MAGIK is a geometric deep learning approach for the analysis of dynamical properties from time-lapse microscopy.
Here we provide the code as well as instructions to train models and to analyze experimental data.

# Getting started

## Installation from PyPi

MAGIK requires at least python 3.6.

To install MAGIK you must install the [Deeptrack](https://github.com/softmatterlab/DeepTrack-2.0) framework. Open a terminal or command prompt and run:

pip install deeptrack

## Software requirements

### OS Requirements

MAGIK has been tested on the following systems:

- macOS: Monterey (12.2.1)
- Windows: 10 (64-bit)

### Python Dependencies

```
tensorflow
numpy
matplotlib
scipy
Sphinx==2.2.0
pydata-sphinx-theme
numpydoc
scikit-image
tensorflow-probability
pint
pandas

```

If you have a very recent version of python, you may need to install numpy _before_ DeepTrack. This is a known issue with scikit-image.
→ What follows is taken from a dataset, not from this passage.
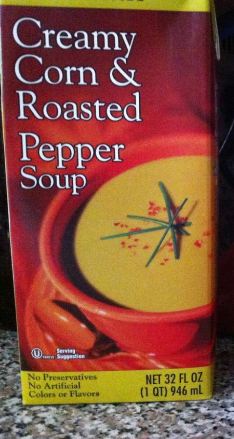 Creamy Corn & Roasted Pepper Soup – $3.49/32 Oz

## It's a kind of MAGIK...

To see MAGIK in action, we provide an [example](//github.com/softmatterlab/DeepTrack-2.0/blob/develop/examples/MAGIK/) based on live-cell migration experiments. Data courtesy of Sergi Masó Orriols, [the QuBI lab](https://mon.uvic.cat/qubilab/).

## Cite us!

If you use MAGIK in your project, please cite our article:

```
Jesús Pineda, Benjamin Midtvedt, Harshith Bachimanchi, Sergio Noé, Daniel Midtvedt, Giovanni Volpe, and Carlo Manzo
"Geometric deep learning reveals the spatiotemporal fingerprint of microscopic motion."
arXiv 2202.06355 (2022).
https://arxiv.org/pdf/2202.06355.pdf
```

## Funding

This work was supported by FEDER/Ministerio de Ciencia, Innovación y Universidades – Agencia Estatal de Investigación
through the “Ram ́on y Cajal” program 2015 (Grant No. RYC-2015-17896) and the “Programa Estatal de I+D+i Orientada a los Retos de la Sociedad” (Grant No. BFU2017-85693-R); the Generalitat de Catalunya (AGAUR Grant No. 2017SGR940); the ERC Starting Grant ComplexSwimmers (Grant No. 677511); and the ERC Starting Grant MAPEI (101001267); the Knut and Alice Wallenberg Foundation (Grant No. 2019.0079).

## License

This project is covered under the **MIT License**.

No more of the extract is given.